Saved entries:
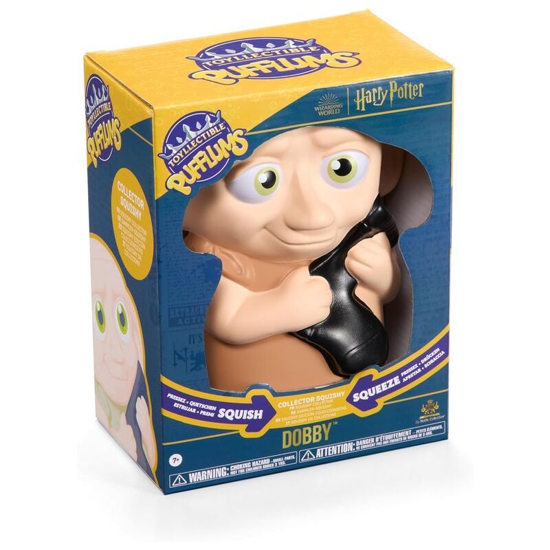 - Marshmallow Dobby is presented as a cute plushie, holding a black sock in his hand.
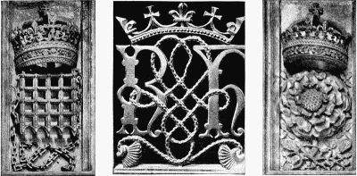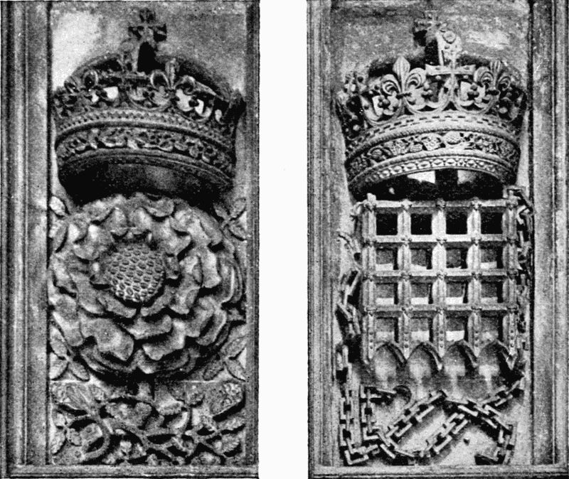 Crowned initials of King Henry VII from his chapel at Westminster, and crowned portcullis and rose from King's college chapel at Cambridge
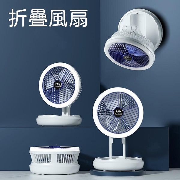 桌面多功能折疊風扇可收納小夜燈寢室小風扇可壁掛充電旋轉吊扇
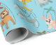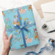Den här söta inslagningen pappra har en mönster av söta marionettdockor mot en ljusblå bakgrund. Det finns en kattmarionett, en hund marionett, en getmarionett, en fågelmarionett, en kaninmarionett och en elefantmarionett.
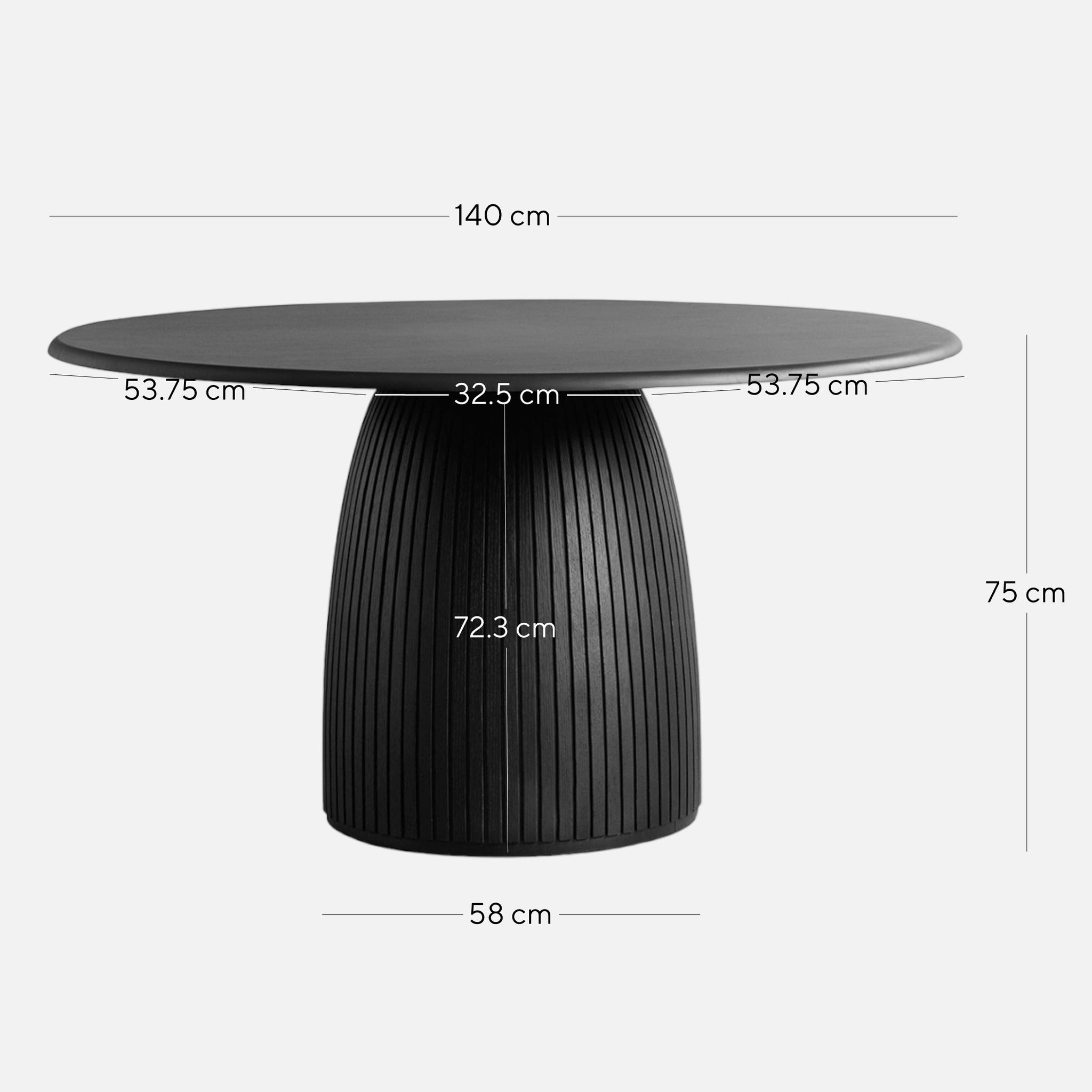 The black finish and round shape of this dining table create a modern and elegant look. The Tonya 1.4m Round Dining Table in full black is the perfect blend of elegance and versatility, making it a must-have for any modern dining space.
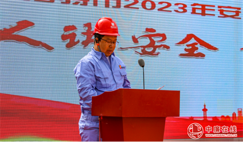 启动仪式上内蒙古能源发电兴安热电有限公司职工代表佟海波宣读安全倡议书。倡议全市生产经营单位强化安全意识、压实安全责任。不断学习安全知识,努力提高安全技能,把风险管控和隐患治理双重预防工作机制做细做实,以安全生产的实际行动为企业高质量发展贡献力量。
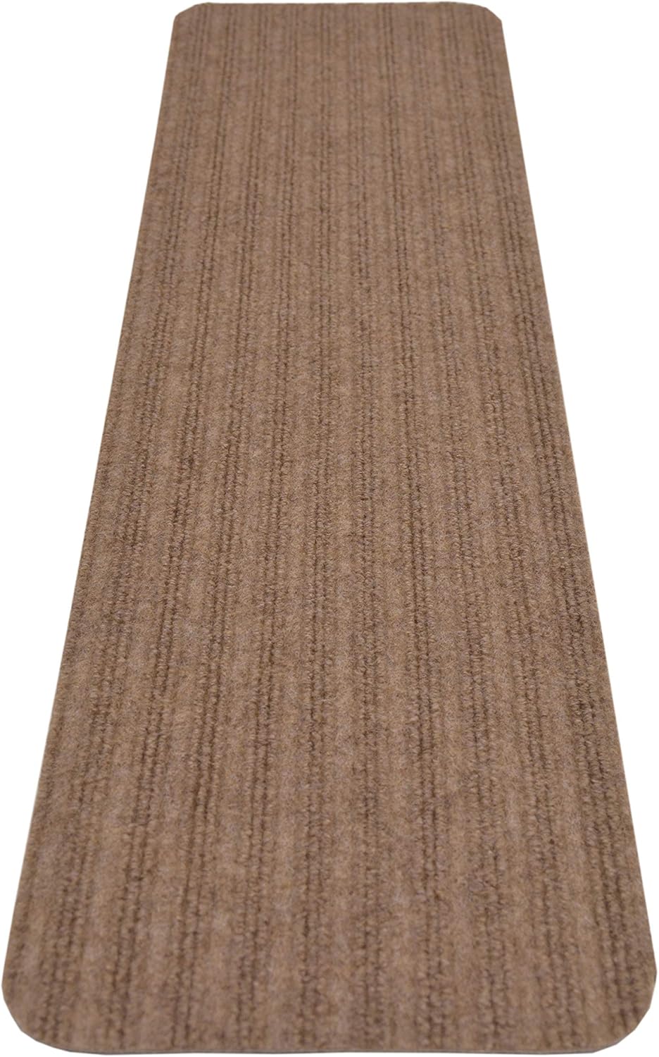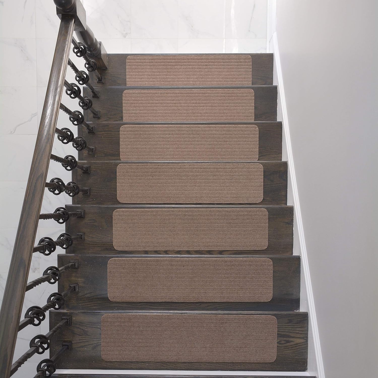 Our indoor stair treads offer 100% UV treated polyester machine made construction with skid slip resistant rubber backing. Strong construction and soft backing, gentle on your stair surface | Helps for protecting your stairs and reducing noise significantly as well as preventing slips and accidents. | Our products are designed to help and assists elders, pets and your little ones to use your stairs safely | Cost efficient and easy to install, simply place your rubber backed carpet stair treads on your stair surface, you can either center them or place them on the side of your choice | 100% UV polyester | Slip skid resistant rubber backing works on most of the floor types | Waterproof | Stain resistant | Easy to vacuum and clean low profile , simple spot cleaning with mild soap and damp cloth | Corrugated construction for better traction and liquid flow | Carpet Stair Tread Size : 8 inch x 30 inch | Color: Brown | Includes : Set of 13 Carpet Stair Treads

YOUR OBJECTIVE:
Begin with the first line of the records and repeat every line up to the one with "启动仪式上内蒙古能源发电兴安", counting that line too. Pictures are not part of the copy.

WRITTEN SOLUTION:
 - Marshmallow Dobby is presented as a cute plushie, holding a black sock in his hand.
 Crowned initials of King Henry VII from his chapel at Westminster, and crowned portcullis and rose from King's college chapel at Cambridge
 桌面多功能折疊風扇可收納小夜燈寢室小風扇可壁掛充電旋轉吊扇
Den här söta inslagningen pappra har en mönster av söta marionettdockor mot en ljusblå bakgrund. Det finns en kattmarionett, en hund marionett, en getmarionett, en fågelmarionett, en kaninmarionett och en elefantmarionett.
 The black finish and round shape of this dining table create a modern and elegant look. The Tonya 1.4m Round Dining Table in full black is the perfect blend of elegance and versatility, making it a must-have for any modern dining space.
 启动仪式上内蒙古能源发电兴安热电有限公司职工代表佟海波宣读安全倡议书。倡议全市生产经营单位强化安全意识、压实安全责任。不断学习安全知识,努力提高安全技能,把风险管控和隐患治理双重预防工作机制做细做实,以安全生产的实际行动为企业高质量发展贡献力量。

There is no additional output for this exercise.